Pilgrim
19th July 2016

For many connected devices, the user experience is determined as much by the characteristics of the service behind that device as on the device itself. Here we explore how the “shape” of that service affects its performance and cost, and thus your customers’ experience and value for money.

Messages

Connected devices are usually configured to exchange periodic messages with the cloud service that supports them, for purposes which include:

  1. Sending back application data, e.g. a temperature sensor sends back periodic temperature readings. The values are usually stored in the cloud, may have analytics performed on them, and are ultimately delivered to the end-user, usually through some value-adding application.
  2. Receiving instructions, for example to turn off a local switch, or upgrade to a new software version. Sometimes it is necessary for the edge device to “long poll”, i.e. repeatedly ask the server “is there anything for me?” and perhaps wait a long time for an answer. This is needed to penetrate so-called “stateful” firewalls (which allow only connections initiated by the device, prohibiting spontaneous messages in the return direction).
  3. Keep-alive heartbeats. These demonstrate that the device is still functioning and that the communications link is “up”. They may also contain status information such as battery level, heap size etc.

Bandwidth

“Big data begins with little data” as CTO of ARM plc Mike Muller likes to say. The payload of each message is typically tiny – often just a few bytes – but they add-up, because in most cases they are sent continuously. A device sending one message every 30 seconds (24/7) will over a year send one million messages. And of course a million such devices will over a year send a trillion messages. Big numbers.

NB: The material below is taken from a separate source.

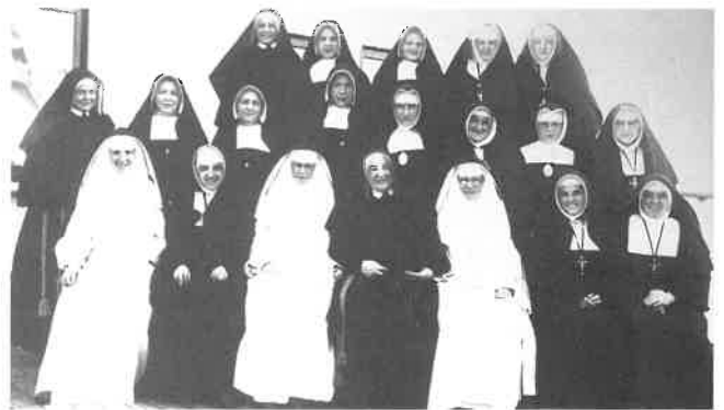
Zusters op weg naar het toenmalige Indië, 7 oktober 1931. Er waren 5 zusters JMJ, Den Bosch, 4 zusters van het Allerheiligst Hart van Jezus, Moerdijk, 3 zusters van de Voorzienigheid, Amsterdam, 3 zusters dominicanessen van Neerbosch, 3 zusters van Carolus Borromeus, Maastricht en 2 dochters van Onze Lieve Vrouw van het H. Hart, Tilburg.

In tegenstelling tot Nederland waar het katholicisme sinds de zestiende eeuw onderdrukt was, en pas vanaf de tweede helft van de negentiende opnieuw vrijuit kon opbloeien, was

Once embedded in verbose communications and security protocols such as HTTPS, each message may expand to kilobytes in length. Licensed cellular communications is paid for by-the-byte, and to fit within monthly budgets of typically a few dollars or less, total traffic must be limited to a few Gigabytes. Unlicensed spectrum is, ironically, typically even more precious, as the space-bandwidth available is extremely limited.

Software uploads are the obvious big “budget breaker”, though patching schemes (partial uploads) can keep this under control. Intelligent throttling of telemetry can send data only when it has changed. And of course data can be tightly bit-packed if necessary.

Storage

When the data arrives in the cloud, it will probably at least be persisted (the most-recent value kept). And quite possibly all the readings received over time will also be stored, creating a so-called “time-series”. There will be debates about whether to “de-res” or even discard old data after a certain amount of time.

At my previous company AlertMe we build a connected-home platform, and one of its functions was to store video from in-home cameras. Everyone knows that video takes huge amounts of storage, though we only stored it when something interesting happened in the home. We also stored all the tiny messages from myriad small sensors around the home – temperature, occupancy and so forth, typically once every couple of minutes. The interesting thing was that the absolute amount of storage required for the sensors was over time quite similar to that required for the video. All those little messages do add up.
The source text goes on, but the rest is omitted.